Bond Funds Are Set to Rebound in 2019

Passives are likely to see the fastest growth

 

February 2019, London. Bond fund providers have good reason to be positive, with the re-emergence of volatility likely to generate some exciting returns in 2019, especially in high yield. So says the latest issue of The Cerulli Edge―European Monthly Product Trends.

Bonds suffered late last year, partly due to the anticipation of the effects of the end of quantitative easing programs in various parts of the world, says Cerulli Associates, a global research and consulting firm. Most bond funds experienced negative performance and outflows followed, with high-yield bond funds hardest hit on both counts.

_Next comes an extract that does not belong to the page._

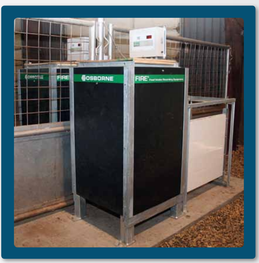
The Osborne FIRE® System automates the measurement of individual daily feed intake and other performance characteristics of growing animals for genetic, feed and pharmaceutical testing.

“However, in the first few weeks of 2019 there was a resurgence in certain quarters of the bond market as investors sought safety,” says André Schnurrenberger, managing director, Europe at Cerulli. “And there is no place safer than German government bonds. Yields on 10-year German government bonds touched 0.08% in early February. There could yet be a return to the situation of 2016, when investors were paying to hold German debt.”

Volatility, he says, means that better opportunities in credit may lie ahead. “We don’t believe that investors coming in now have missed the rally.”

Investors looking higher up the risk curve while staying within fixed income will see more scope for gains in high-yield bonds and emerging markets (EM), says Schnurrenberger. “Such investors are increasingly favoring the passive route, although the surge in such products is from a low base. Exchange-traded funds are growing fastest.”

Cerulli maintains that the marketplace is not as crowded as it might appear, leaving providers with room for further growth and competing products.

Active funds will continue seeking to leverage their expertise in EM debt to help them outperform benchmarks.

Other Findings:

  • The French fund market remained relatively stagnant during 2018, attracting net new flows of just €584 million (US$660 million). Property funds performed the best, with net inflows of €2.1 billion. Although French distributors are generally open to working with new asset managers, Cerulli research suggests that some want to work with fewer managers. “It is becoming increasingly important for asset managers to provide value to distributors by collaborating on events, producing content for distributors, or offering tailored solutions,” says Schnurrenberger.
  • In Germany, mixed-asset funds fared best in terms of flows in 2018, attracting €7.6 billion, followed by property funds with €4.3 billion. Germany's equity funds did better than those in other European markets, accounting for €3.9 billion in net inflows during the year, largely driven by active global equity funds. Cerulli notes that demand for smart beta is on the rise among German institutional investors seeking to cut costs. In addition, the country’s private banks are increasingly considering environmental, social, and governance integration in alternative strategies.